蘇赫肋下中劍,半邊大氅已被血跡浸透,他便在創口處束緊了腰帶。
左臂被挑開好大一塊皮肉去,他索性扯下半邊袖筒,仔細的用牙口扯拽著綁扎結實。
老孫頭並未將他的後人托付給他。
柳仙兒也未曾要他照顧她的姊妹孫月娥。
甚至於,林靜姿之前的一席話,其實也很有道理。
可是蘇赫覺得,做人,做一個男人,不是看他曾經明白了多少道理,而是看他守住過幾次本心。
那麽此刻他的心,告訴他要如此做。
於是。
秦王府。
風雪中。
他拖刀悍然前行。
……
秦王府四進的庭院,較之前面要小一些。
蘇赫踏進院中,似乎沒有發現什麽異狀。
也並無一絲一縷高手強者的氣機。
但他卻覺得有些不對勁,這裡的什麽地方透著些難言的詭異。
細細看去,蘇赫便皺了眉。
他看到了落葉。
雪地上的落葉。
片片枯葉,片片金黃。
葉,落在雪地上,那麽此間顯然有人。
隨即他便看到那個人。
……
那個人現身之際……
鋪滿雪地的黃葉便無風自起,纖纖而動,齊刷刷的豎起身來。
一個女人。
足蹬一雙白襪的女人。
白似雪,比雪還要白的一雙白襪,在這雪夜裡很是扎眼。
她沒有穿鞋。
穿鞋便要踩在地上。
地上很髒。
沒有人會去揣摩她的長相。
也沒有人會去在意她的穿著。
世人只會驚詫於她的神態。
她款款而來,像是不食人間煙火的雪中仙子。
潔淨素雅到,讓任何人看她一眼都不由得自慚形穢。
她自傲,卻絕不高傲。
因為她周身散發出令人感覺到無比舒適的和煦柔光。
她,比雪還要聖潔。
……
那潔白的襪履,一步步就輕踏在微微纖動的落葉之上。
雪上無痕。
她自出現的那一刻,只看了蘇赫一眼,便輕抬素袖,遮了鼻口。
她很是嫌棄的低聲說了句,“你好臭。
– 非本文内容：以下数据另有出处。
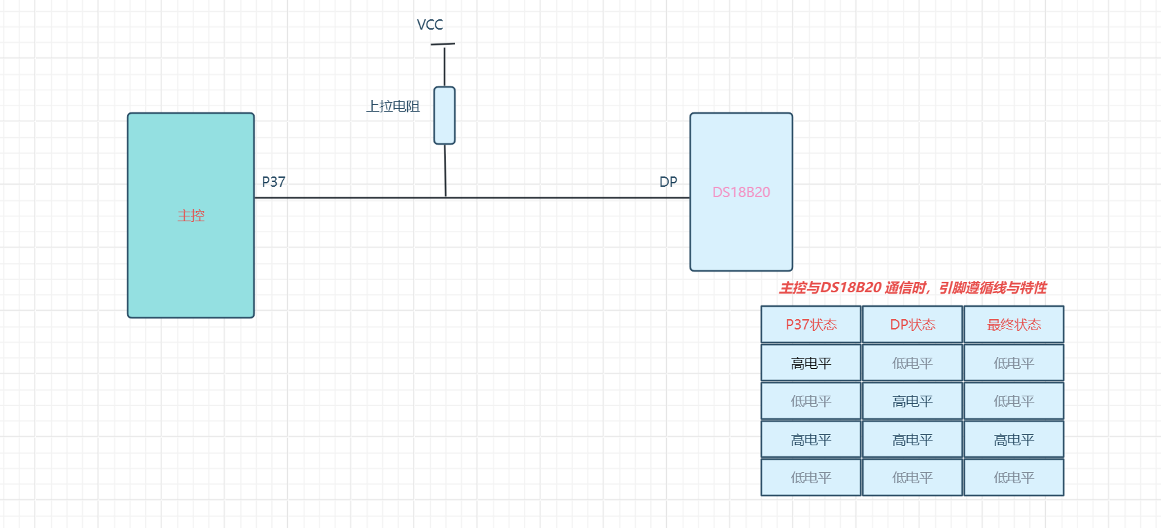 - 想要读取DS18B20 数据时,主控需要释放总线,检查引脚电平变化读取DS18B20 给主控的输入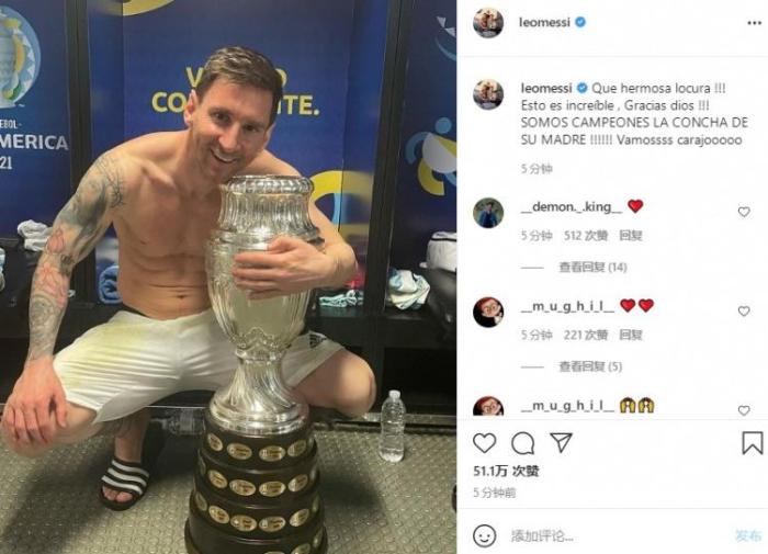 梅西几天前在Instagram上发布的自己与美洲杯奖杯的合影照片,到目前为止,这篇ins已经有超过1941万人次的点赞,这也成为了Instagram历史上最受喜爱的体育类帖子。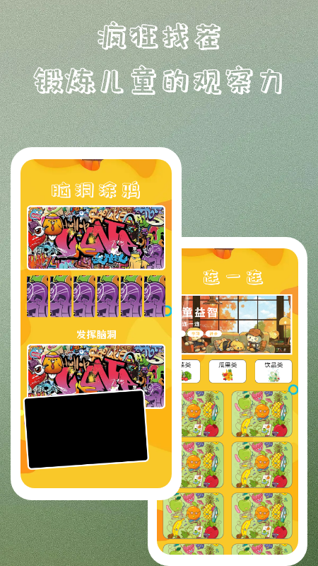 《疯狂脑洞大挑战》是一款集观察力与创造力于一体的趣味解谜游戏,带你进入一个充满惊喜的脑力激荡世界。在这里,你不仅能通过"找不同"锻炼火眼金睛,还能在涂鸦模式中天马行空,更有创意连连看等你来挑战。游戏采用清新明快的卡通风格,配合由浅入深的关卡设计,让每位玩家都能找到属于自己的解谜节奏。无论是想放松心情还是挑战自我,这款游戏都能带来持续的新鲜感和成就感。

”
蘇赫低頭打量自己一番,衝她解釋道,“我身上原本並沒有這麽難聞……只是剛才著了火。”
“你現在是一個髒人。”
“唔,確實不太乾淨。”蘇赫表示對此無法辯駁,出於對一位仙子也似的女人的尊重,他便問了句,“你是誰?”
“無垢。”
……
聽到她的名字,蘇赫當即了然。
無垢二字,與她正是再相宜不過的。
“你殺了七月流火。”
蘇赫點了點頭。
“那你確實很厲害。你進來的時候我沒有現身,是因為我有些害怕……方才你那一刀,我以為來的是北刀。”
“所以你現在不用怕了。”
“嗯。你可以回去了。或者,你可以離我遠一點。”
“不可能。”蘇赫搖了搖頭。
“可能。”她衝他仔細的解釋道,“我很怕髒,所以不會讓你碰我。你既然碰不到我,你的刀再厲害又有什麽用呢。”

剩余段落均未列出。